All Our Ducts in a Row

Ductwork on the second floor. Air enters through the hole in the floor and leaves through the rectangular duct.

Second-floor ductwork in progress. Air enters through the hole at right and leaves through the rectangular duct.

The plumbers have arrived. They’re also the HVAC system contractors – in fact, the company is called Chuck’s Heating and Air Conditioning – and we share the job site with them throughout this week. With a crew of eight, led by Chuck’s son Brad, they work lightning fast but they also take up a lot of the house. We stay out of each other’s way when possible: on a day Terry expected Brad’s crew to install ductwork on the first and second floors, we built walls in the basement. But when I can’t get to the chop saw table because a plumber is standing on it to cut a hole through the ceiling, or when I have to wait at the bottom of the stairs for traffic to clear, the place feels mighty crowded.

Full house. (And there's another truck parked around back!)

Full house. (And there’s ANOTHER truck parked around back!)

Congestion in the basement.

Congestion in the basement.

Our ductwork got crowded in a hurry, too. We’re using forced hot air for heating and cooling, and two huge air ducts run through the living-room hearth blockout. One is the insulated “out” duct, which blows hot or cold air up to each room. The other is the uninsulated “return” duct, which sucks each room’s ambient air back down to the basement fan and heat exchanger. Together, these ducts use up most of the space set aside for utilities in the blockout… leaving almost no room for the stove’s flue.

Ducts fill the blockout.

Ducts fill the blockout. The stove flue needs to fit in the next bay right of the one he’s working in.
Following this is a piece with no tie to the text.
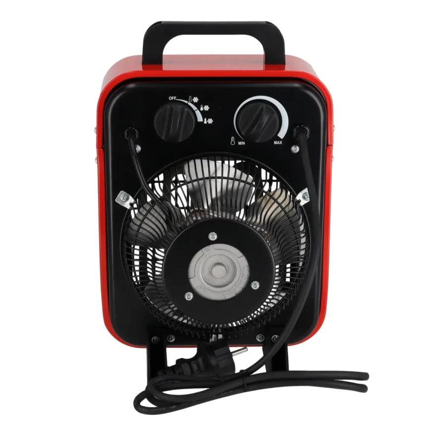 Príkon: 1000 W/2000 W; prietok vzduchu 400 m3/h; zásuvka 230 V; ochrana proti prehriatiu; termostat; 3 prevádzkové režimy: chladný/teplý/horký

This conflict looked bad. The flue needs to travel up through the second floor and escape out a gable end. With so many ducts in the way, the only remaining route for the flue appeared to go directly through a floor truss. As the resident structural engineer, I vehemently opposed cutting the truss – it exists to support our second floor, we NEED it! Terry felt the blockout walls could support the truss on either side (and thus become load-bearing walls), but everybody agreed this solution was not ideal. Somebody floated an idea to angle the flue into the living room high on the hearth wall, an eyesore for sure. Then I stumbled on a far better solution by taking a quick measurement. The gap between the truss and the 2×4 hearth wall is 7 inches; a small cutout in the wall’s top plate (which carries no load) will easily accommodate an 8-inch flue pipe. Hooray!

When we weren’t busy resolving utility conflicts, we actually got a lot of carpentry accomplished, too. Most impressively, we installed the walkout basement’s sliding door. The three-lite door assembly is nearly ten feet wide and very heavy, so we removed the middle lite (the slider itself) as soon as we could. Colin and I nailed plastic flanges around three edges of the frame to provide nailing surfaces, along with 1×12 lumber to create jamb extensions. Meanwhile, Terry sawed out an inch of foam along the side of the floor slab so the door’s bottom edge would also slide in.

We built our own jamb extensions using 1x12 lumber.

We built our own jamb extensions using 1×12 lumber.

The sliding door in place.

The sliding door in place, before adding Zip-Tape and trim.

The quest continues for an airtight house to meet Efficiency Vermont standards. Colin applied a bead of caulk around the sliding door frame before we lifted it into place, and he Zip-Taped around the perimeter after. This level of tightness demands a proper ventilation system built into the house, with a minimum number of air exchanges per minute, and I’m excited for Brad’s crew to deliver.